Similarly, an implementation that is allowed to connect using
multiple interfaces will have a parent node of the tree for the
decision between the network paths with a branch for each interface.
The example aggregate connection attempt above can be drawn as a tree
by grouping the addresses resolved on the same interface into
branches:
||
+============================+
www.example.com:443/any path
+============================+
// \\
+=========================+ +=======================+
www.example.com:443/Wi-Fi www.example.com:443/LTE
+=========================+ +=======================+
|| // \\
+======================+ +=================+ +====================+
[3fff:23::1]:443/Wi-Fi 192.0.2.1:443/LTE [3fff:42::1]:443/LTE
+======================+ +=================+ +====================+
The rest of this section will use a notation scheme to represent this
tree. The root node (or parent node) of the tree will be represented
by a single integer, such as "1". ("1" is used assuming that this is
the first connection made by the system; future connections created
by the application would allocate numbers in an increasing manner.)
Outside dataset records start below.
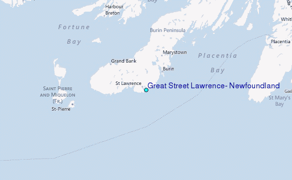 Use this relief map to navigate to tide stations, surf breaks and cities that are in the area of Great St Lawrence, Newfoundland.
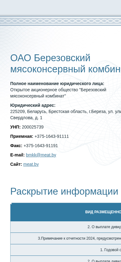 | AI-анализ | The web project "Березовский мясоконсервный комбинат ОАО" (Berezovsky Meat Canning Combine OJSC) is a Belarusian company specializing in meat processing and canning. The website, meat.by, provides information about the organization, including its full legal name, juridical address, and UNP number. The site primarily features announcements for various shareholder meetings, with a total of 18 such announcements listed between March 2020 and March 2025. These meetings include both regular annual general meetings and extraordinary meetings. The site also includes contact information, such as a phone number, fax number, and email address, for inquiries or communications with the company. |
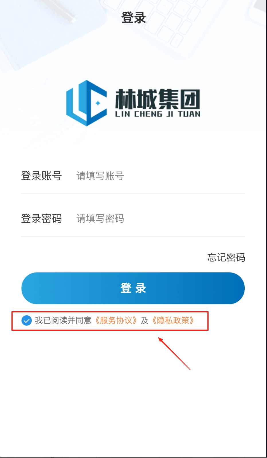 设置新密码时需重复输入两次,确保准确无误;最后要勾选同意服务协议和隐私政策的选项,该勾选框位于登录按钮的下方,务必点击,否则无法成功提交。
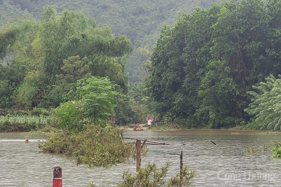 | Cá biệt, do nước mưa từ trên núi đổ xuống nhanh, mạnh đã cô lập hoàn toàn thôn Lộc Mỹ (xã Hòa Bắc, Hòa Vang, Đà Nẵng). Ở đường chính vào thôn vào lúc 11 giờ trưa ngày 8/10 ghi nhận nước đã ngập sâu, nơi sâu nhất ngang lưng eo người. |

Each child of that node will have an integer that identifies it, from
1 to the number of children. That child node will be uniquely
identified by concatenating its integer to its parent's identifier
with a dot character (".") in between, such as "1.1" and "1.2". Each
node will be summarized by a tuple of three elements: endpoint, path
(labeled here by interface), and protocol. In Protocol Stacks, the
layers are separated by a slash character ("/") and ordered with the
protocol closest to the application first. The above example can now
be written more succinctly as:
1 [www.example.com:443, any path, TCP]
1.1 [www.example.com:443, Wi-Fi, TCP]
1.1.1 [[2001:db8:23::1]:443, Wi-Fi, TCP]
1.2 [www.example.com:443, LTE, TCP]
1.2.1 [192.0.2.1:443, LTE, TCP]
1.2.2 [[2001:db8.42::1]:443, LTE, TCP]
When an implementation is asked to establish a single connection,
only one of the leaf nodes in the candidate set is needed to transfer
data. Thus, once a single leaf node becomes ready to use, the
Connection establishment tree is considered ready. One way to
implement this is by having every leaf node update the state of its
parent node when it becomes ready until the root node of the tree is
ready, which then notifies the application that the Connection as a
whole is ready to use.
A Connection establishment tree may consist of only a single node,
such as a connection attempt to an IP address over a single interface
with a single protocol.
1 [[2001:db8:23::1]:443, Wi-Fi, TCP]
A root node may also only have one child (or leaf) node, such as a
when a hostname resolves to only a single IP address.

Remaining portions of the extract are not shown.